Orleans Parish Courthouse
Chris Miller/WWL

The man who allegedly set fire to a New Orleans house killing three children inside remains at large.

Surveillance video shows a person walking out of the house on America Street near Dwyer Road as the house becomes engulfed in flames. That person then gets into a car and drives away. According to investigators, the children's mother told authorities that their father told her he intended to burn the house down.


Police say they know who the suspect is, but they have not released his name.

According to one legal analyst, what authorities know right now is enough for the district attorney to seek the death penalty when the case goes to court.

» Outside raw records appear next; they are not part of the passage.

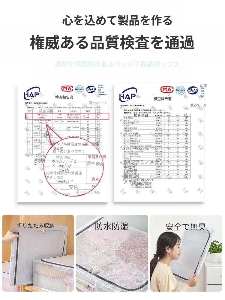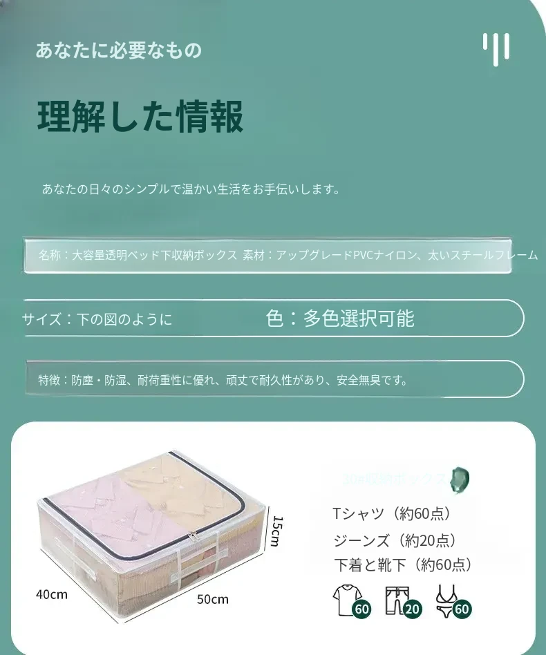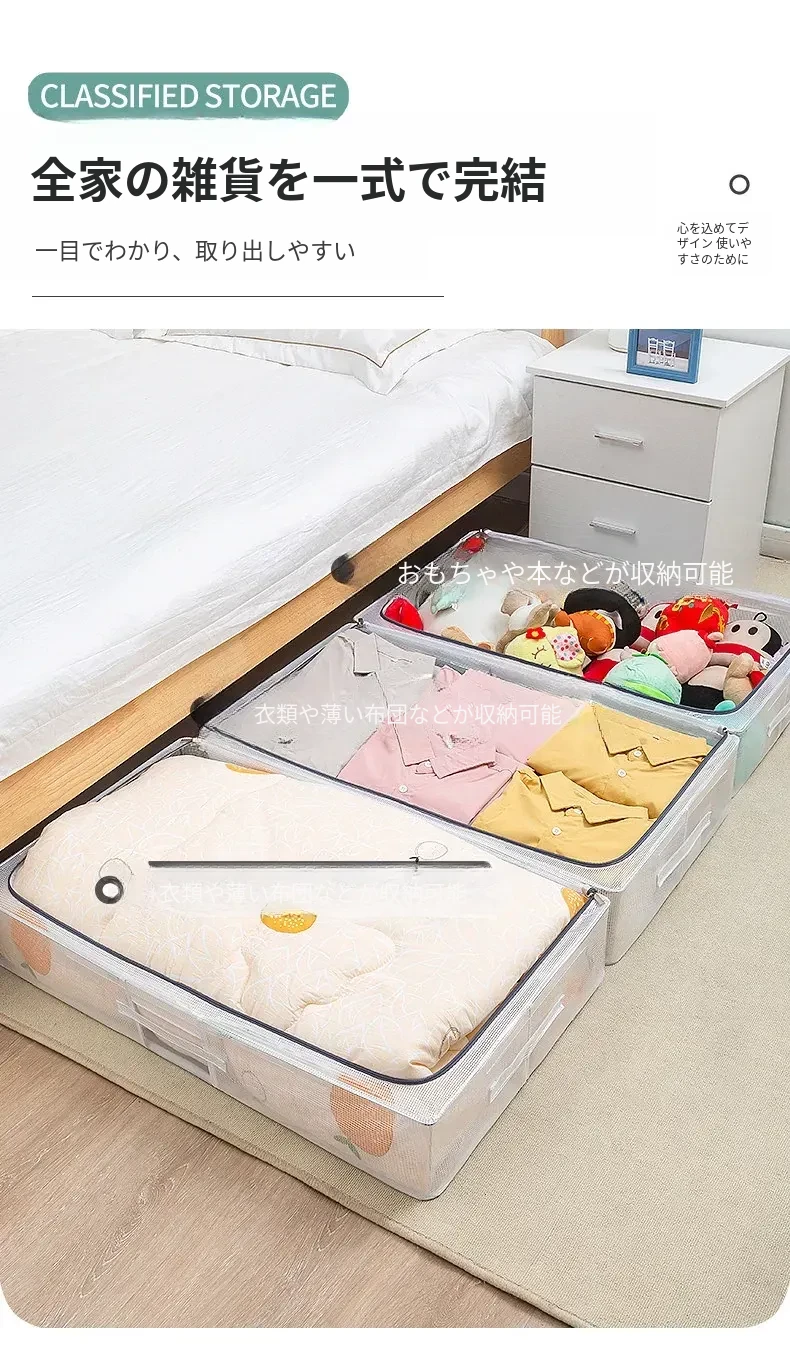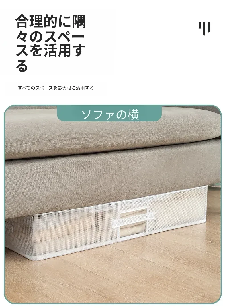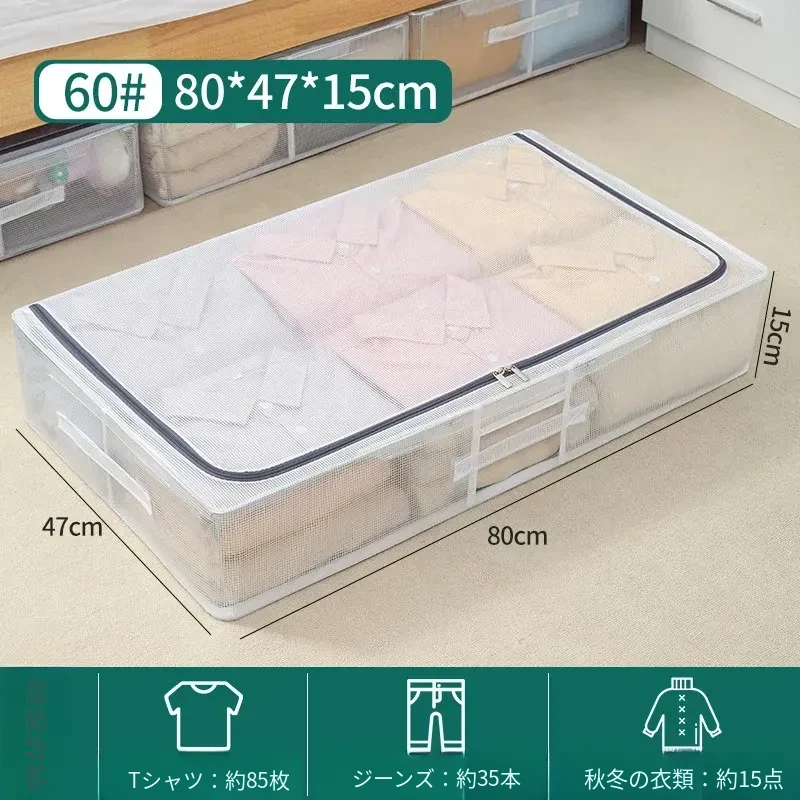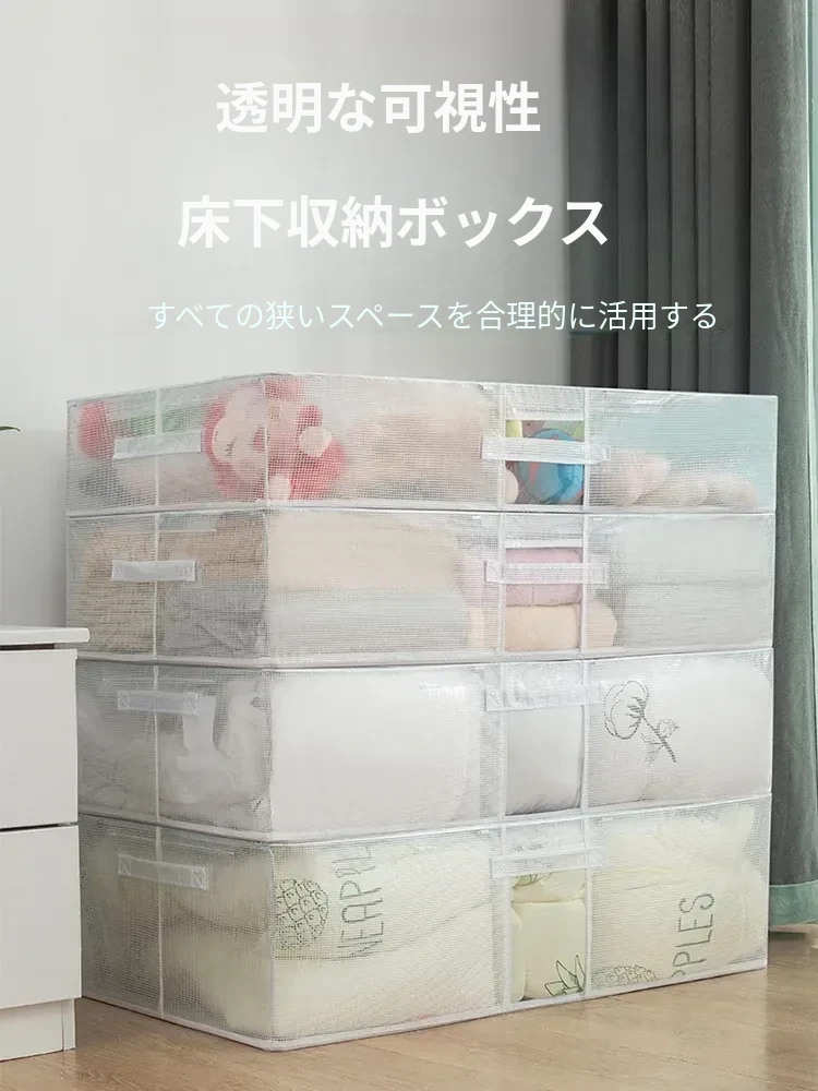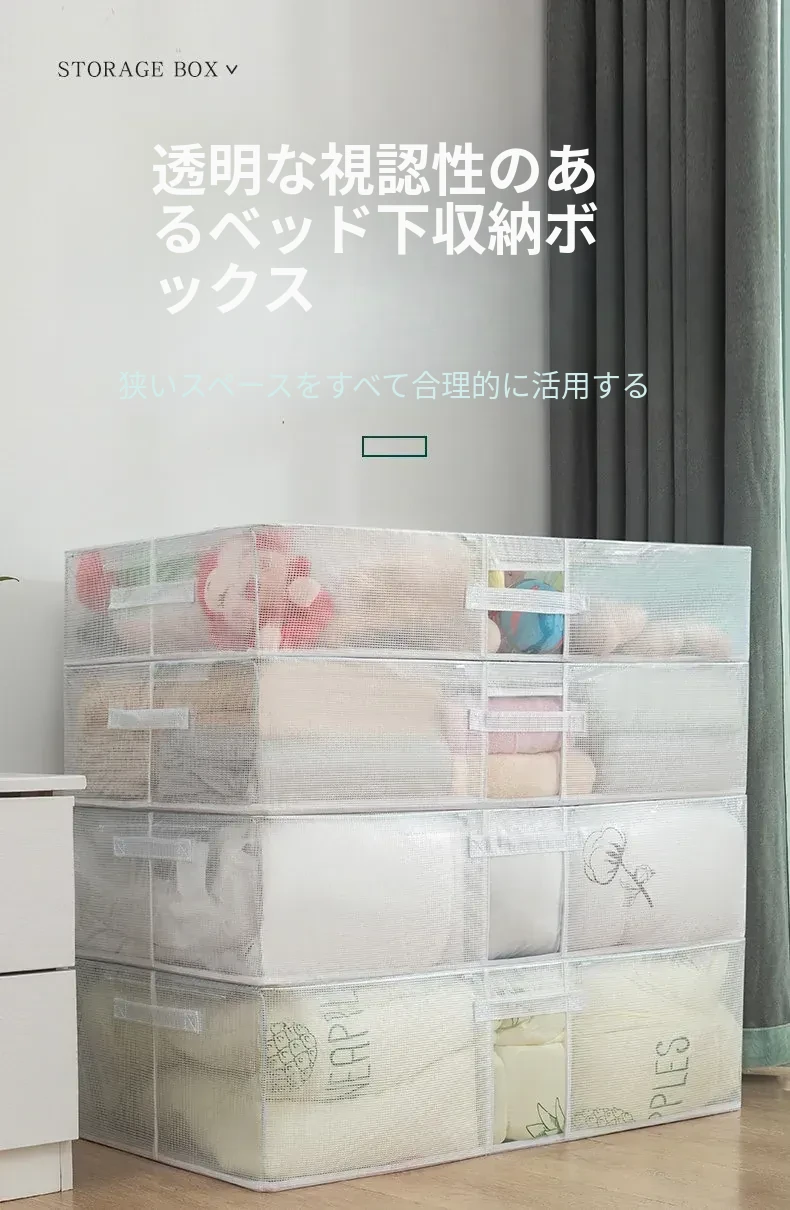 超薄収納ボックス!衣類や布団がスッキリ片付く、透明で見やすいベッド下整理ボックス。省スペースでお部屋をスッキリ!おしゃれなデザインで、使いやすさ抜群の収納アイテムです。
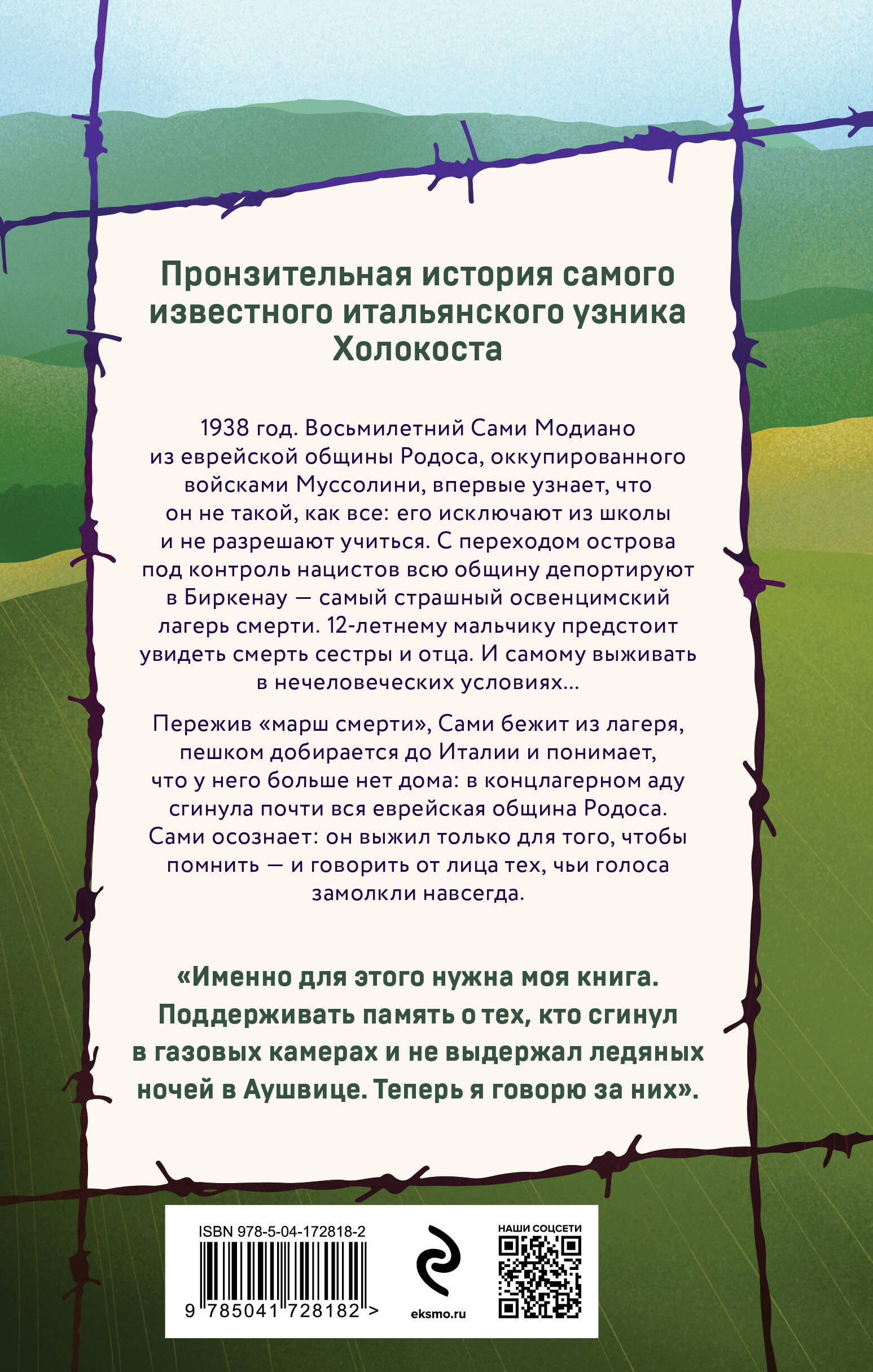 Пронзительная история самого известного итальянского узника Холокоста - об ужасах Аушвица, потере всей семьи и странствиях в поисках новой жизни 1938 год. Восьмилетний Сами Модиано из еврейской общины Родоса, оккупированного войсками Муссолини, впервые узнает, что он не такой, как все: его исключают из школы и больше не разрешают учиться. Через несколько лет остров переходит под контроль нацистов, и общину депортируют в Биркенау, самый страшный освенцимский лагерь смерти. Двенадцатилетнему мальчику предстоит пережить разлуку с сестрой и видеть медленное угасание отца. И самому выживать в нечеловеческих условиях... Пережив «марш смерти» и бежав из лагеря, Сами оказывается на линии фронта с советской армией. А затем пешком добирается до Италии - только чтобы осознать, что у него больше нет дома: в концлагерном аду сгинула почти вся еврейская община Родоса... Спустя годы скитаний и тяжелого труда он понимает: единственный способ примириться со своим прошлым - это помнить. И говорить от лица тех, чьи голоса замолкли навсегда. «Именно для этого нужна моя книга. Поддерживать память о тех, кто сгинул в газовых камерах и не выдержал ледяных ночей в Аушвице. Теперь я говорю за них». ------------------------------ «"В этот день я словно потерял невинность: утром проснулся еще ребенком, а спать лег уже евреем". Вот как Сами Модиано, переживший Холокост, вспоминает тот день, когда из-за расовых законов его выгнали из школы на Родосе. Это был только первый шаг к ужасу. Фактически Сами был одним из 2500 евреев общины Родоса, депортированных в Биркенау. И один из очень немногих выживших. "Почему я?" - задается он вопросом снова семьдесят лет спустя. Единственный ответ - чтобы рассказать. Чтобы не забыть». - Corriere de la Sera
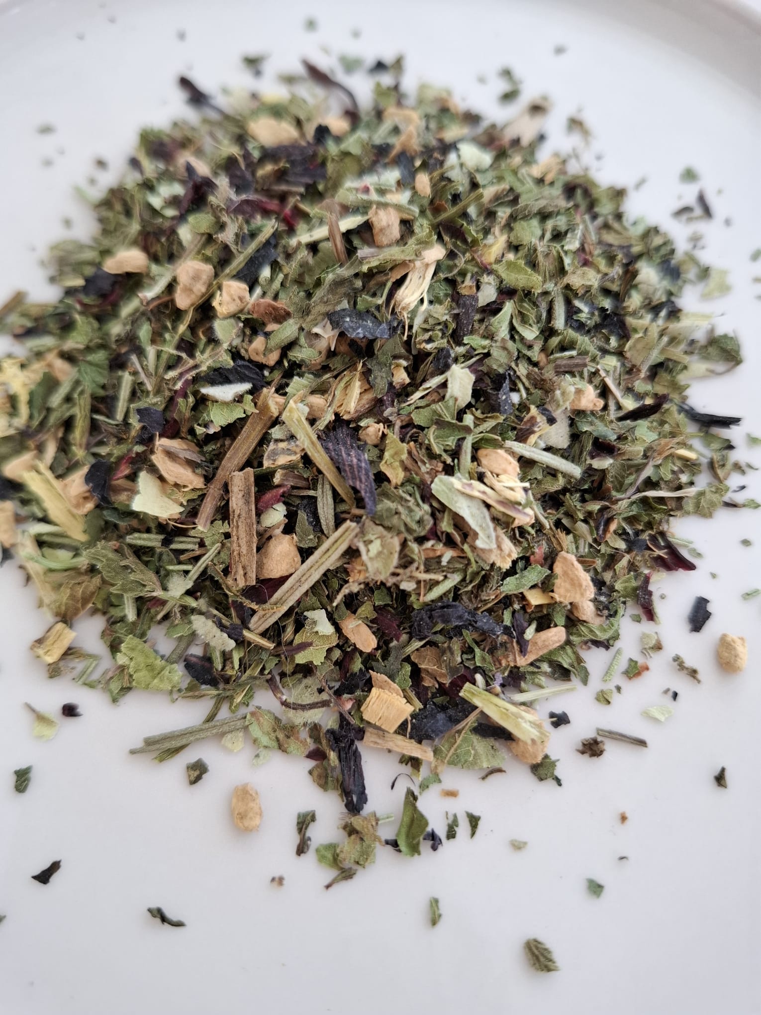 Enthält: Pfefferminzblätter, Brennnessel, Ingwer, Malvenblüte, Hibiskusblüte, Süssholz, Rosmarin

"You're committing another felony in connection with the murders," WWL's All Things Legal host Doug Sunseri said, citing the statutory requirement for first-degree murder in Louisiana.

Sunseri says this is a cut-and-dry capital murder case. Although it's been 27 years since a New Orleans jury handed down the death penalty in a murder case... Sunseri says the gruesome murder of three children could sway a jury to vote for execution.

"Typically, you have a lot of death penalty cases that there are some mitigating factors such as the police investigation or you have sort of a bad guy that you can blame for the crime or be partly responsible for it," Sunseri said. "In this case, when you have a father killing three of his children, this would probably be an ideal case to try the capital murder case for the death penalty. I don't think they get more gruesome than this, and I don't think there's any mitigating circumstances in this fact scenario to where they would not."

Sunseri says he would surprised if District Attorney Jason Williams seeks the death penalty in this case.

"I think reality has hit him as far as some of the idealism as he had entering as a district attorney," Sunseri said, adding that Williams's time in office and what he's experienced during that time makes him much more apt to seek the death penalty in this case. "I think early in his term, he would not, but I think he's evolved in the last three years."